The human factor. RAF pilots had leave. The strain of continuous flying would be relieved. Air battles were so quick that pilots lost their best friends in seconds, had to fly back, refuel and rearm and take off again. The constant adrenalin rush, fortified by Benzedrine (for the RAF) or Piratin (for the Luftwaffe) ground down the nerves of the pilots. The RAF culture was to get away from this in the evenings – and “talking shop” in the pub or dance hall was frowned upon. The Luftwaffe culture was more dour. Pilots would often sit and discuss tactics when they weren’t flying, so there was no time in which their minds weren’t on the job. Worse, they just kept flying continuously, sometimes several sorties a day, while their friends and comrades were killed around them. The phenomena of Kanalkrankheit (Channel sickness) with pilots either cracking up or pulling a sickie, became increasingly prevalent as September dragged on. A lesson for managements everywhere. Workers need breaks to function.

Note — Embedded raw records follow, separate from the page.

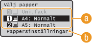 (Välj papper/inställningar) för att välja det papper som du vill använda på skärmen <Välj papper>. Du kan också trycka på knappen för att ändra pappersinställningar när du fyller på papper av ett annat format eller av en annan typ än det som tidigare fyllts på. Pappersinställningen måste vara rätt så att papperet matas in ordentligt.
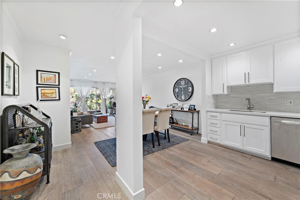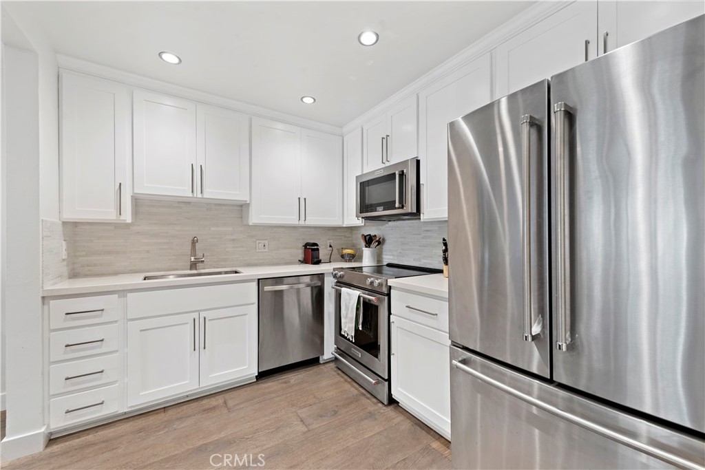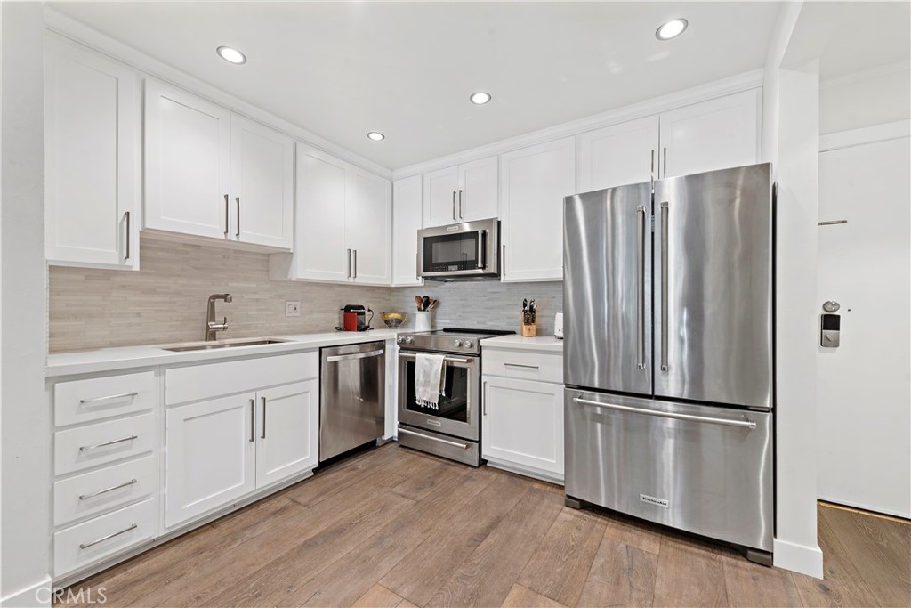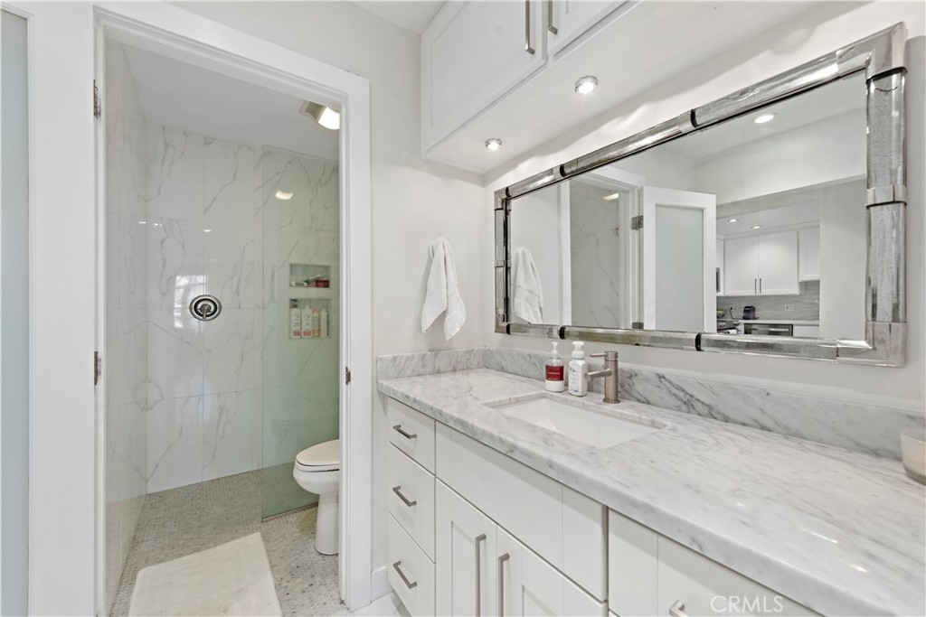 Located in the highly sought after complex of "Versailles on the Bluffs at Newport”, Enjoy a desirable resort-like lifestyle from this Amazing and move-in-ready 1 bedroom 1 bath condo. Highly upgraded throughout with engineered wide plank floors, smooth ceilings, crown molding, designer paint, stylish recessed LED lighting throughout, and a scenic view of the immaculately manicured grounds off the balcony, which is a great spot to BBQ and relax. The dream kitchen has beautiful quartz countertops, new shaker style cabinetry with tile back-splash, an oversized SS sink with professional grade Kitchenaid stainless steel appliances. The bathroom renovations include a new vanity with marble top wall-to-ceiling tile, walk in curbless shower and glass partition. Plenty of storage with a full size front entry closet and California style closet organizers, shoe cabinet and additional storage above the vanity in the walk thru closet. This home has it all with low HOA dues that include water, gas, trash, and deeded parking in a safe parking garage. Enjoy a short stroll to the Balboa Peninsula that offers a world-class beach, a variety of restaurants, bars, and eateries, and the best nightlife in SoCal. You're also close to Trader Joe's, Fashion Island, Orange County Fairgrounds, John Wayne Airport, with easy access to the 55 freeway and PCH.
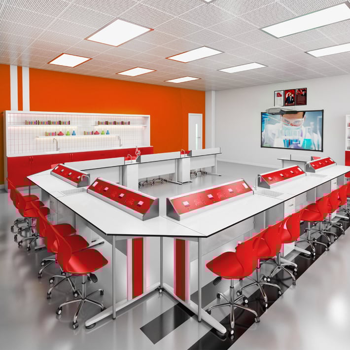 Кабинет по химия и биология RFG Flat, над VII клас, за 24 ученика, HPL плот, метални крака, бяло-червен
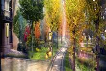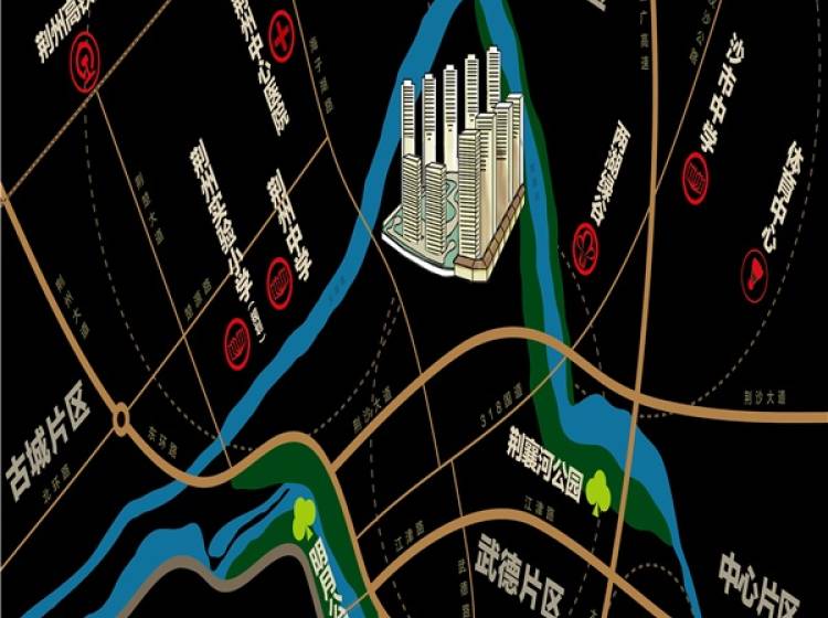 景湖美林悦府项目用地位于荆州沙市区沙北新区荆沙大道与楚都大道交界处,荆襄河外河两支流于此交汇,地块南临草市居民区,北临杨家庄城乡结合部,西临荆沙大道沿街商业带,东接两湖粮油大市场 项目地处两河交汇处,水体环绕,视觉开阔,自然条件良好。总体规划充分利用场地特征,以景观规划为先导,使生态景观与建筑、生活融为一体。利用景观作为基底联合住宅与公共设施两个部分,分别采用围合式规划布局,以小区中心景观及城市广场将其串连。建筑尽可能沿河而置,对外亲水近水,拥有良好的景观朝向,对内形成大绿化空间,为住户提供舒适的生活平台。
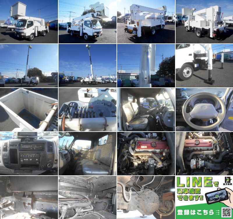 高所作業車 上物:タダノ製SKYBOY 上物同年式 上物型式:AT-146TE 電工仕様 地上高14.5m 別エンジン FRPバケット ウインチ付 バケット昇降機能 自動格納機能 現アワメーター:143h ユニットアワメーター:3488h 150馬力 走行14.7万㎞ 5速ミッション 中型限定(総重量8t未満)免許 排ガス適合(各都市登録&乗り入れ可) タイヤサイズ:215/70R17.5 |
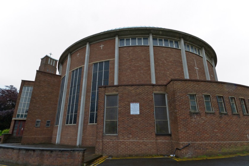 The basilica of the Catherine of Sienna Roman Catholic church, central Birmingham. Built in the 1960s in a modern, inclusive style it nonetheless harks back to ancient churches in the Mediterranean world at the same time.
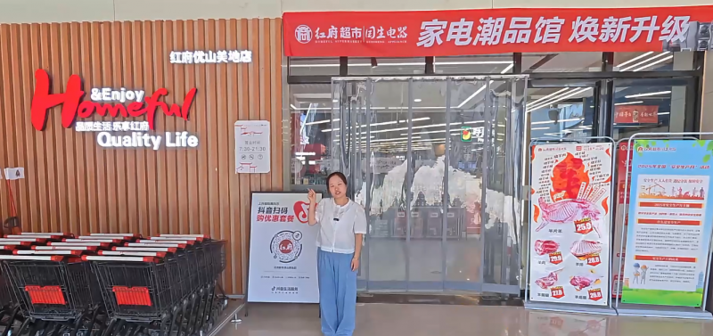据实时数据显示,本场直播商品交易总额(GMV)达359W+,成为商之都深化“实体+数字”转型的亮眼实践。红府超市借助抖音生活服务平台精准触达本地消费者,以优质爆品和超值优惠有效激活消费潜力;直播中还特别引导观众“抖音搜索@安徽商之都@红府超市”,进一步强化后续流量沉淀,为本土商业数字化营销探索出切实可行的新路径。为将线上的火热人气同步引流至线下,如今红府超市商场内已焕然一新,中心广场沿街完成升级,醒目的活动海报与温馨的购物环境静候光临,诚邀广大消费者到店亲身体验品质好物与贴心服务。

The underlying point of all this is that Nazi Germany – with an over leveraged and under resourced economy – was only capable of winning short, fast wars and – once it had started – was compelled to keep trying to do so until they bit off more than they could chew in Operation Barbarossa. The Battle of Britain, in wearing out their air force in a long battle of attrition, was a small harbinger of how their entire war machine was to be ground to total destruction by the Red Army after 1941. As Hitler commented to Finnish dictator Mannerheim in 1943 – surfacing from his barbiturates in a moment of realism and lucidity and seeing the writing on the wall – “who would have thought any country could produce 3,000 tanks a month?”